На деньги, полученные родителями от Фонда Сороса, мы купили в начале 1994 года 386-й компьютер (Intel 80386). Моя мать в 1994–1996 годах напечатала на том компьютере свою докторскую диссертацию, которую защитила в 1997 году, отец делал всякие свои расчёты. А я играл запоем. Заодно научился печатать в программе «Лексикон» и немножко работать в системе «Norton Commander». В общем, влияние этого персонального компьютера на жизнь моей семьи было весьма заметным. Покупать принтер (матричный, игольчатый, с лентой) родителям пришлось самим, за свои деньги.
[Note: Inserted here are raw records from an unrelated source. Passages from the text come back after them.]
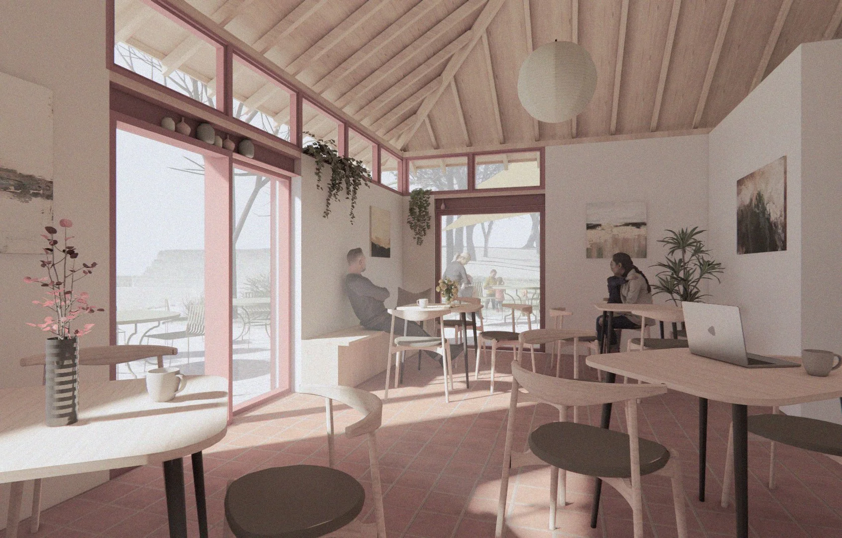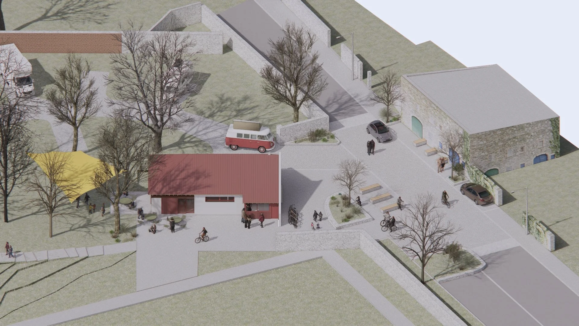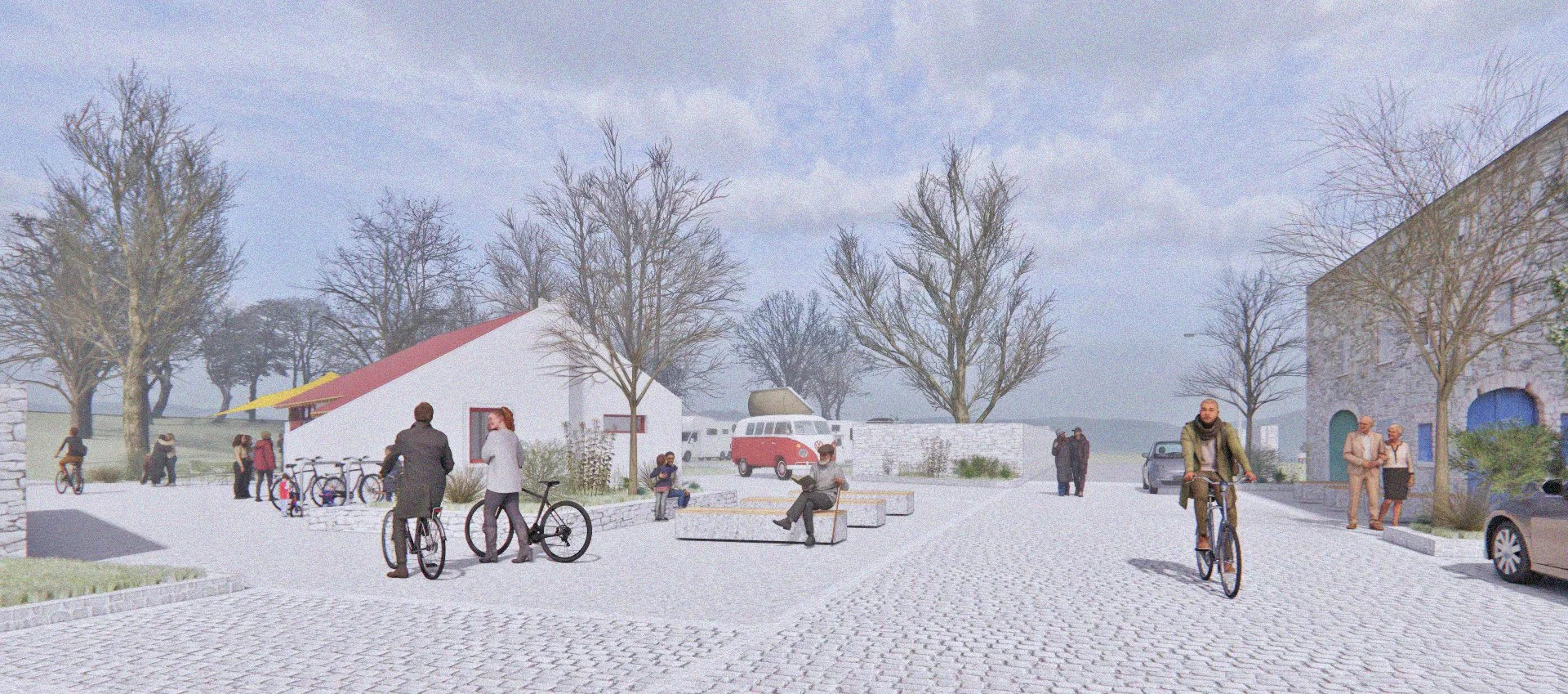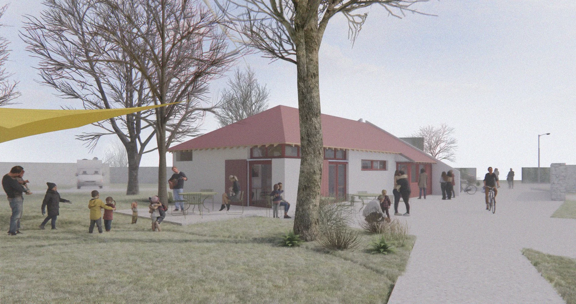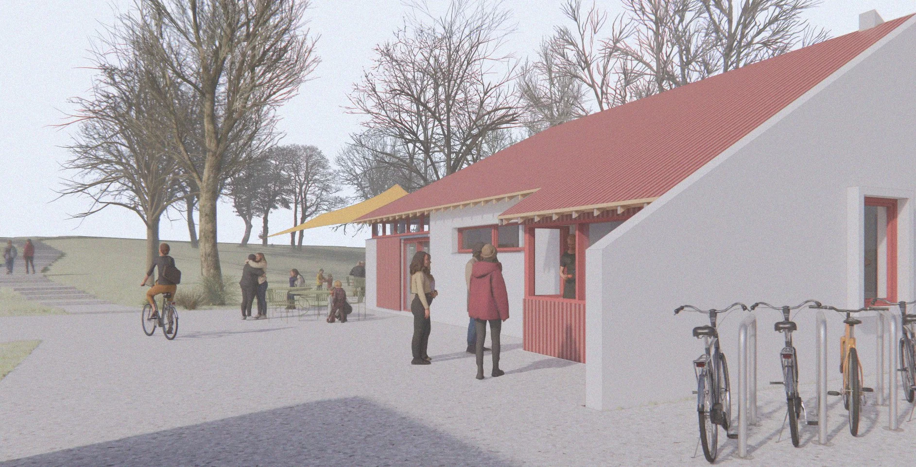 The first phase focuses on transforming the disused entrance building into a community hub — a café, meeting room, and visitor facility that provides essential amenities while creating a visible, welcoming gateway to the park. Designed for flexibility and sustainability, the hub offers showers, laundry, and accessible toilets alongside spaces for community gatherings and outdoor learning, supporting both local residents and visitors arriving via the ferry and coastal walking routes.
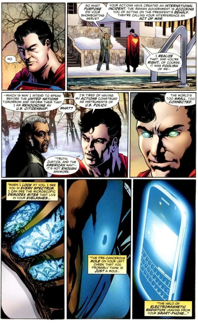 事實上,此次的宣言也與2011年的《動作漫畫》(Action Comics)第900期中所發生的故事有所相似,當時還是被賦予「Truth, Justice, and the American Way」象徵的超人,認為他應該不僅僅只能是代表美國公民,而是為世界公民,為世界上所有人服務的象徵英雄。
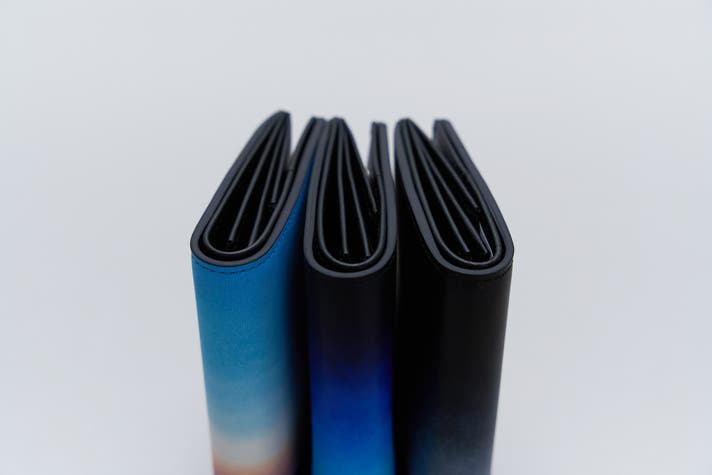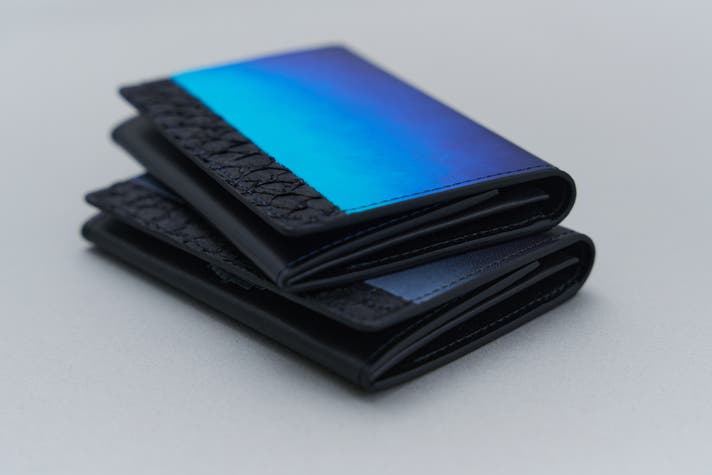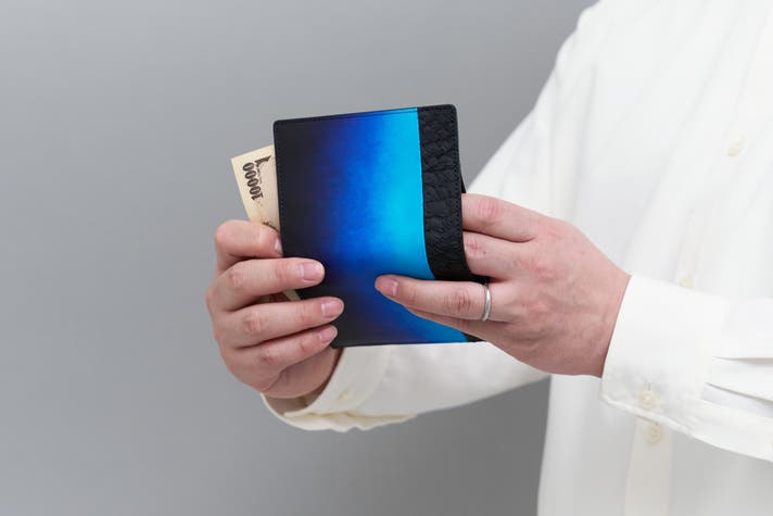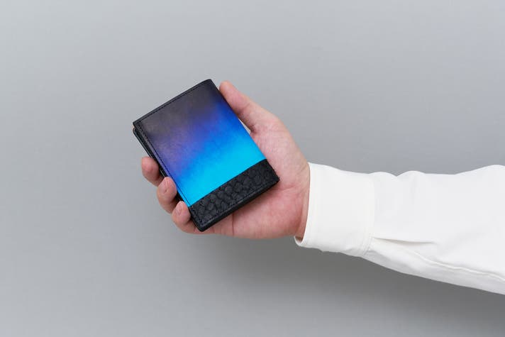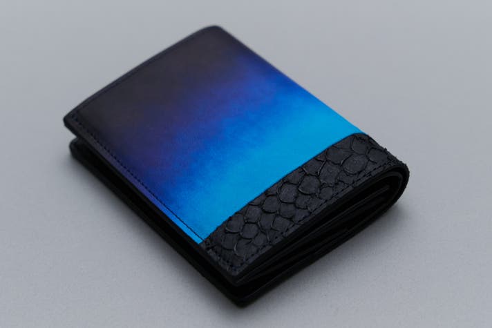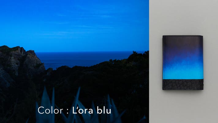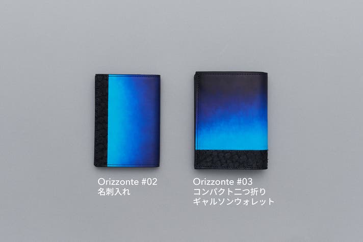 「Orizzonte #03(Madai) コンパクト二つ折りギャルソンウォレット|カラー:L'ora blu(ブルーアワー|ブルー系グラデーション)」
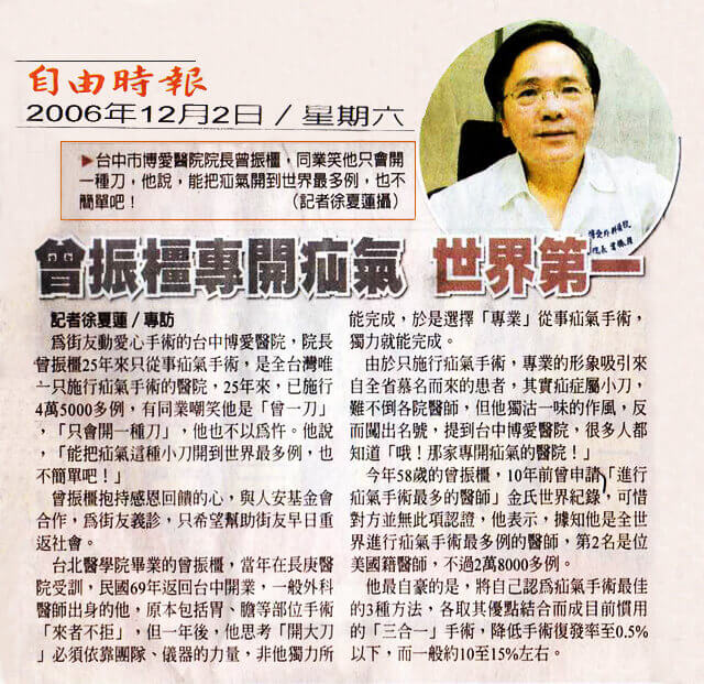 為街友動愛心手術的台中博愛醫院,院長曾振橿30年來只從事疝氣專科手術,是全台灣唯一只施行疝氣手術的醫院。由於只施行疝氣手術,專業的形象吸引來自全省慕名而來的患者。為了將復發率、疼痛及住院天數降到最低,曾醫師從長年治療疝氣的經驗中,反覆比較各種疝氣手術方式,取其優點精隨,發展出曾式疝氣修補法,同時追蹤手術後兩年病患,降低手術復發率至0.5%以下,住院時間縮短至5~24小時,因此成為國際醫學期刊認可刊登,是一種最新的自體組織修補法。曾式疝氣修補術手術時間僅需20-30分鐘左右,可使患者更快恢復正常健康的生活。

Отец ещё шутил по этому поводу про дворец без одной колонны.
Помню, выдали нам как-то иностранную гуманитарную помощь — банку сухого молока KLIM.
Но какого-то лютейшего голода в 90-е годы я не помню от слова «вообще». Наверное, потому, что я у родителей единственный ребёнок, и они могли меня прокармливать. Но бережливость в отношении еды мне родители прививали. Еду мы никогда не выбрасывали, только если она испортилась.
Микроволновой печи у нас тогда не было (однако помню рекламу микроволновки «Плутон» GoldStar), и мы всю еду готовили на газе или в духовке. Ну, и подогревали потом тоже на газе. Я привык к газовой плите с детства.
Я не любил мыть посуду и старался есть прямо со сковороды, за что меня отец ругал. Негатив по отношению к мытью посуды у меня прошёл только где-то годам к 23–26. Кстати говоря, пока не было водяных счётчиков (а они появились только в конце нулевых — начале десятых годов), воду вообще не экономили. Ещё в начале 2000-х годов я, используя воду на всю катушку, смеялся над иностранцами, что они у себя в развитых капиталистических странах экономят воду, типа она дорого стоит. Казалось, что у нас такое невозможно! И только в последние годы я стал неприятно поражаться тем суммам, которые управляющая компания печатает в платёжках за квартиру. Но в описываемые мною 90-е годы плата за коммунальные услуги была небольшая.
Расстрел Дома советов Российской Федерации (Белого дома) в октябре 1993 года я наблюдал по телевизору, ещё по чёрно-белому. Немного офигел — вот только в августе 1993-го ездили в Москву, а сейчас — чик — и стреляют. Потом у нас телевизор перестал работать, и мы купили новый (уже цветной, импортный) только в конце 1997 года. Поэтому Первую чеченскую войну я по телевизору не видел.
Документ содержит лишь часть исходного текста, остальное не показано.